**What is expected:** Would you transcribe the records below from the line with "Amor que motiva" to the line with "ラフジュ工房> 和食器・茶道具> お椀・茶碗", ends included, exactly and with nothing more, leaving the pictures out?

══ Data to use

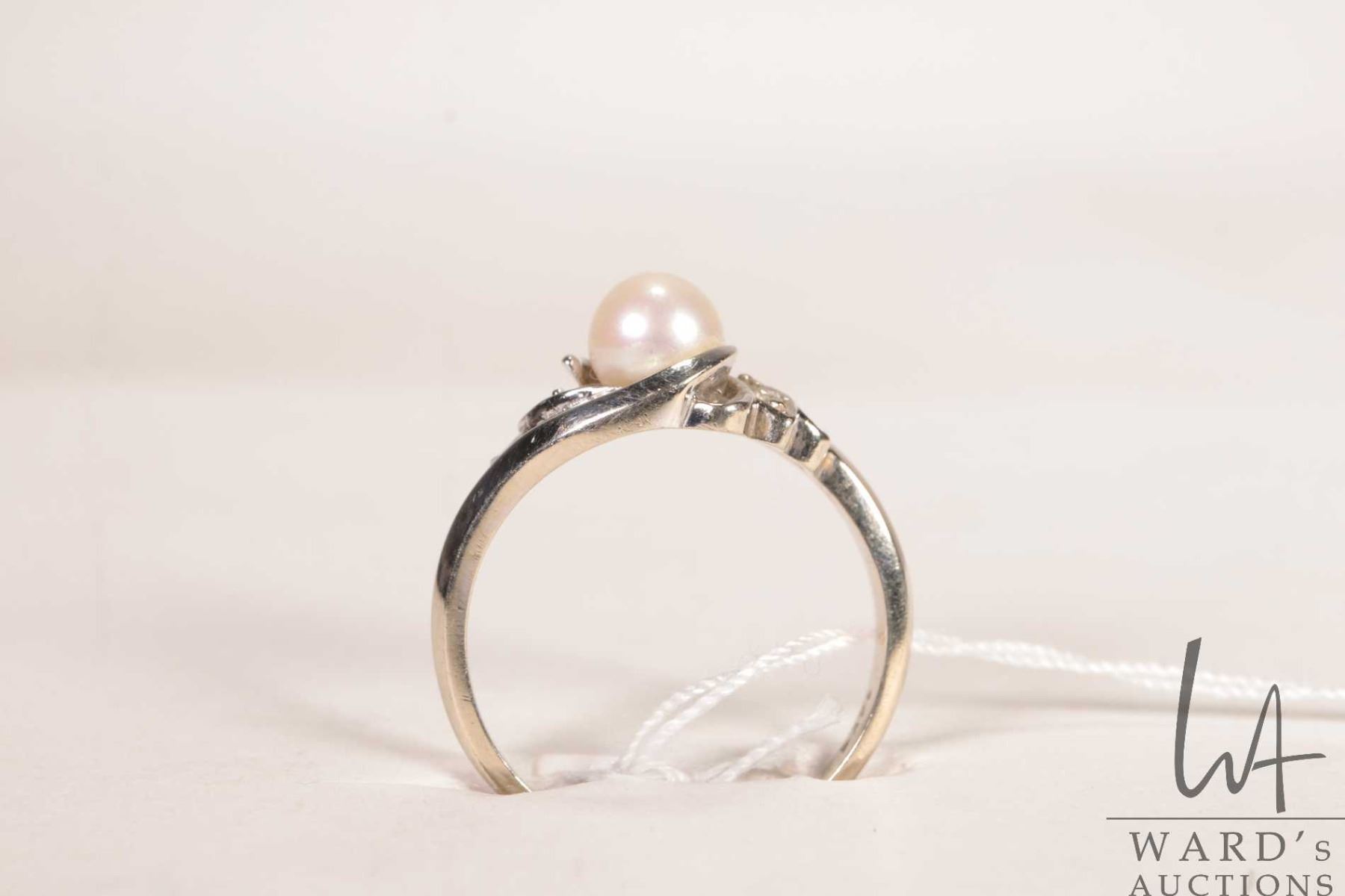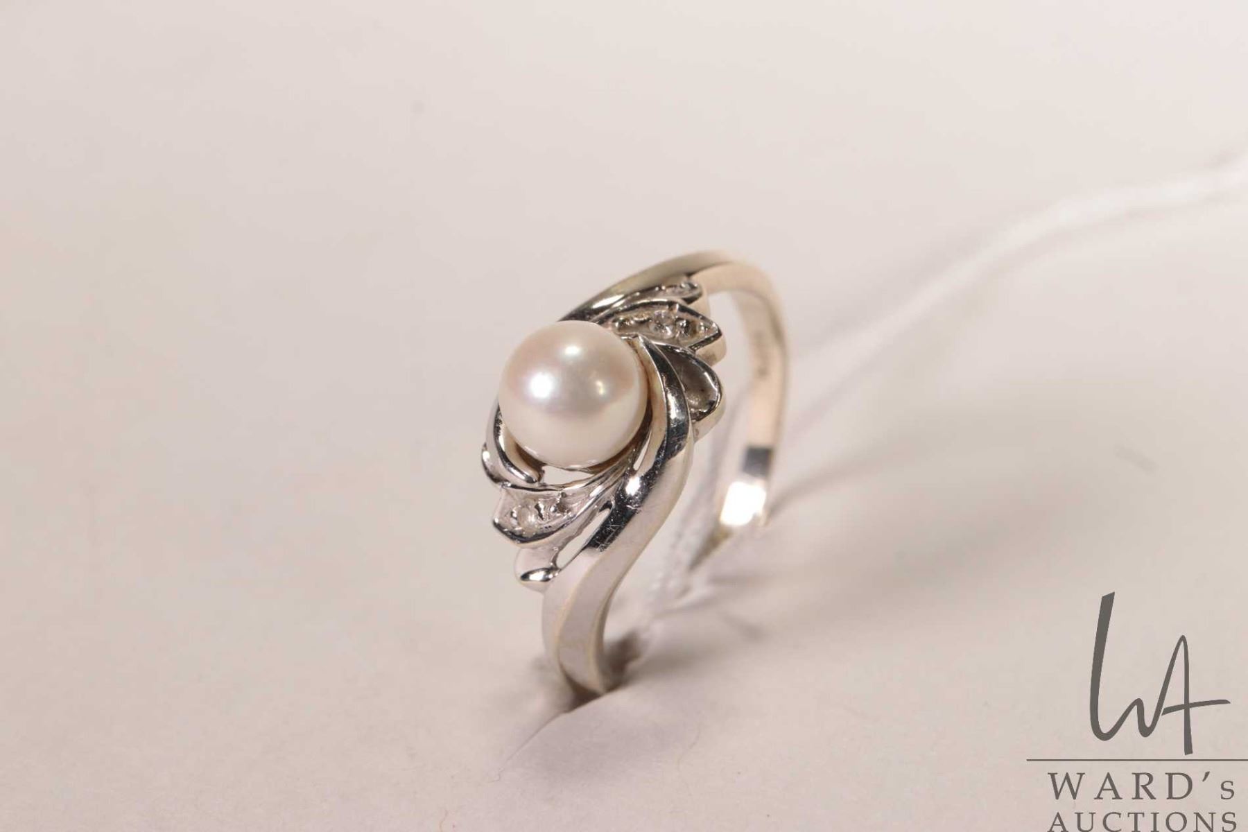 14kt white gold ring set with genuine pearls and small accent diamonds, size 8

════
══ Data to use

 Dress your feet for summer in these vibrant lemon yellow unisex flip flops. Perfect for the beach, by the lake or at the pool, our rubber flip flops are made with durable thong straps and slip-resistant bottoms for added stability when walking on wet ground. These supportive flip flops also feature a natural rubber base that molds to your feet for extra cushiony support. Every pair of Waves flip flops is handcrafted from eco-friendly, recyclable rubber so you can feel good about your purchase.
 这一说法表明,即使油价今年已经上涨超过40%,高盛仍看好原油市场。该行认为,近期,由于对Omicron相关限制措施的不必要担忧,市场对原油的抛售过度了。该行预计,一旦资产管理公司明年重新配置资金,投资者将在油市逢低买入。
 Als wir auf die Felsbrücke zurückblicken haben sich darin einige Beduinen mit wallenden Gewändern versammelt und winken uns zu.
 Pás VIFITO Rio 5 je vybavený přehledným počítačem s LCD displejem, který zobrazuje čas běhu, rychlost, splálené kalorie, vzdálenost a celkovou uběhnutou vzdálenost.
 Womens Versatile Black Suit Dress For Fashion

════
══ Data to use

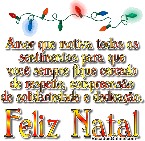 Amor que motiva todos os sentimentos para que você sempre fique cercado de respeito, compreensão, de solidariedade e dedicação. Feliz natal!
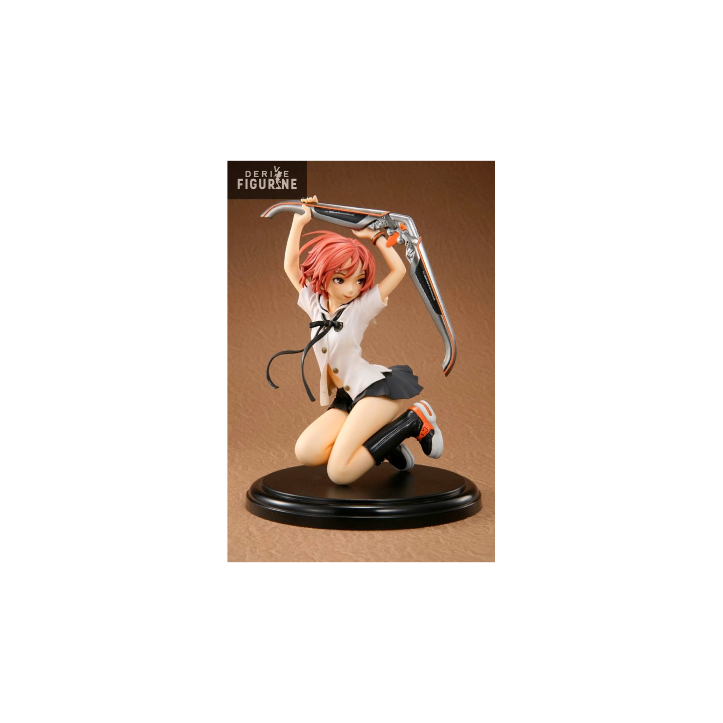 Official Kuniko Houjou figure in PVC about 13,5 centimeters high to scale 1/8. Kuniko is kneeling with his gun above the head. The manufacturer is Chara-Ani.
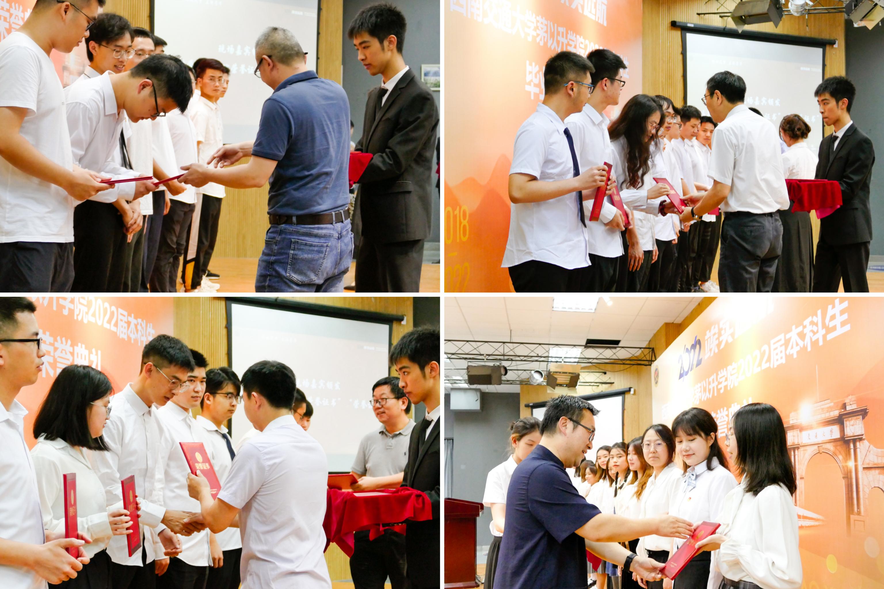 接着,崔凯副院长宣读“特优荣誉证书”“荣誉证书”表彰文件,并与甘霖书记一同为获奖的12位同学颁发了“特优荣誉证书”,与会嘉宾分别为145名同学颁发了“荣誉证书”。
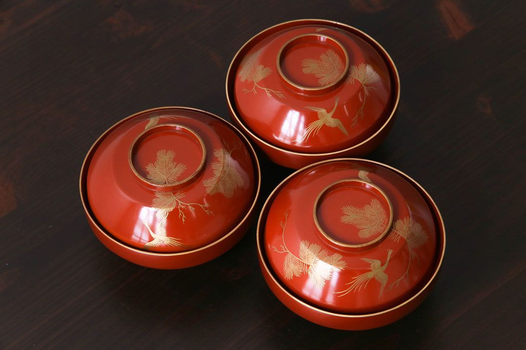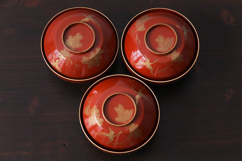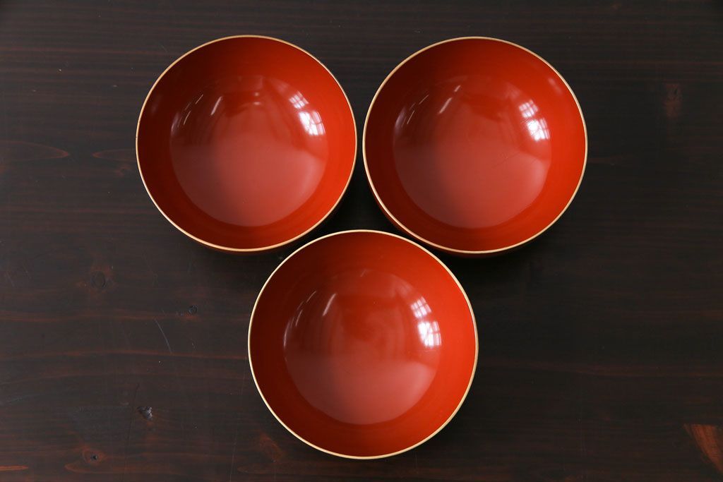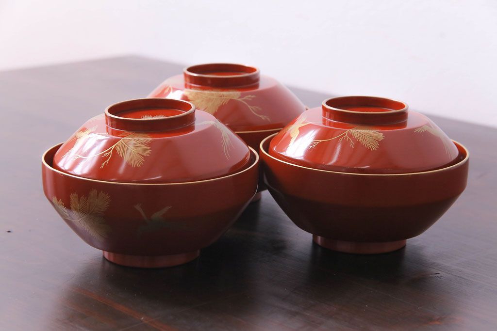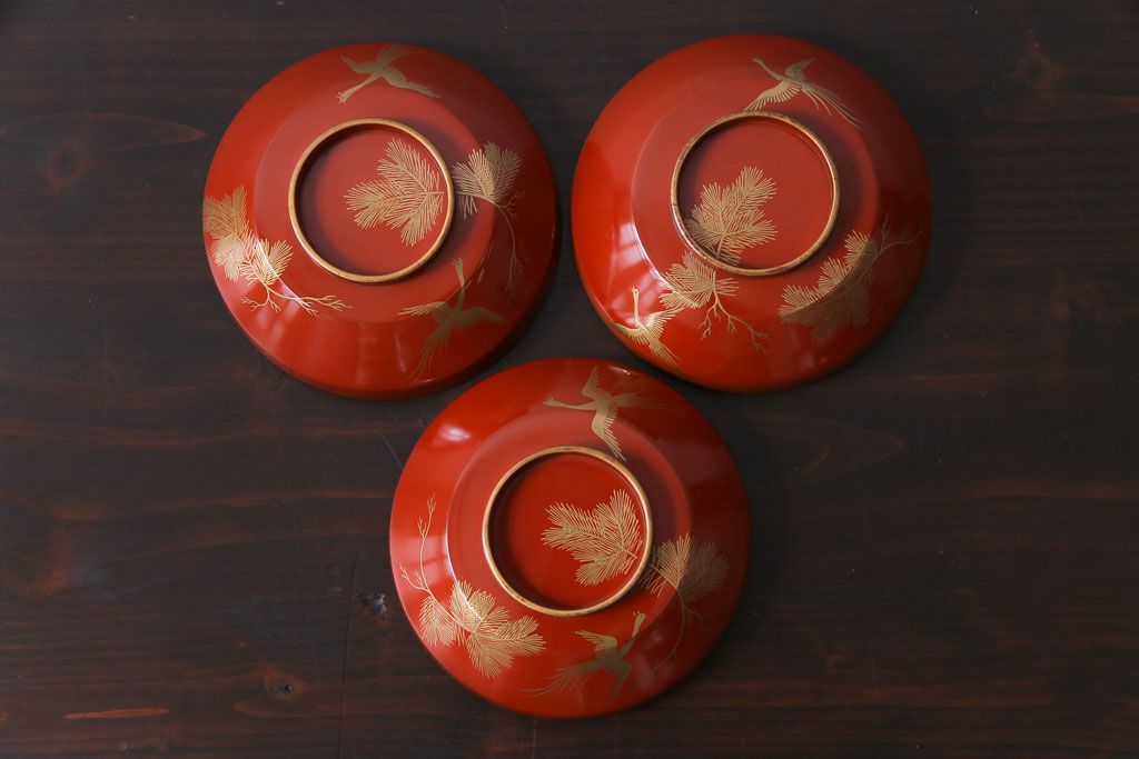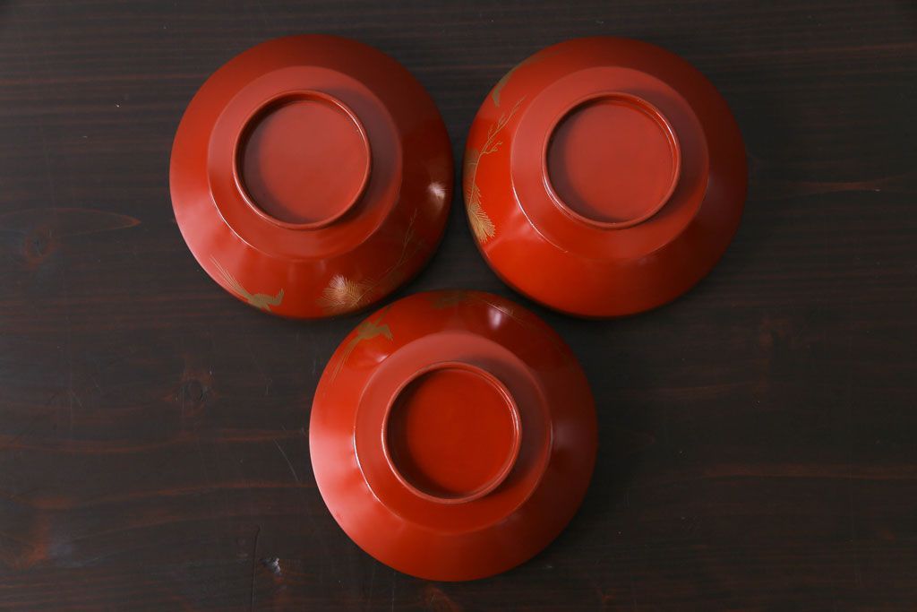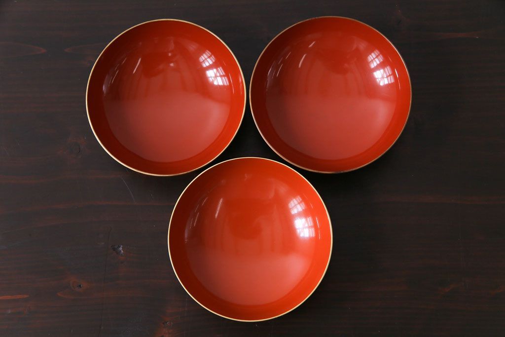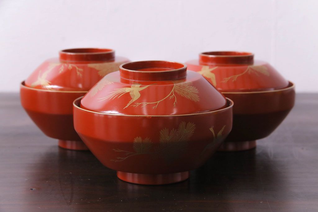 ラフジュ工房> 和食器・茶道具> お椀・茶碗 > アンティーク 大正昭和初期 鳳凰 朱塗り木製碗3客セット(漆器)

════

**Output for this task:**
 Amor que motiva todos os sentimentos para que você sempre fique cercado de respeito, compreensão, de solidariedade e dedicação. Feliz natal!
 Official Kuniko Houjou figure in PVC about 13,5 centimeters high to scale 1/8. Kuniko is kneeling with his gun above the head. The manufacturer is Chara-Ani.
 接着,崔凯副院长宣读“特优荣誉证书”“荣誉证书”表彰文件,并与甘霖书记一同为获奖的12位同学颁发了“特优荣誉证书”,与会嘉宾分别为145名同学颁发了“荣誉证书”。
 ラフジュ工房> 和食器・茶道具> お椀・茶碗 > アンティーク 大正昭和初期 鳳凰 朱塗り木製碗3客セット(漆器)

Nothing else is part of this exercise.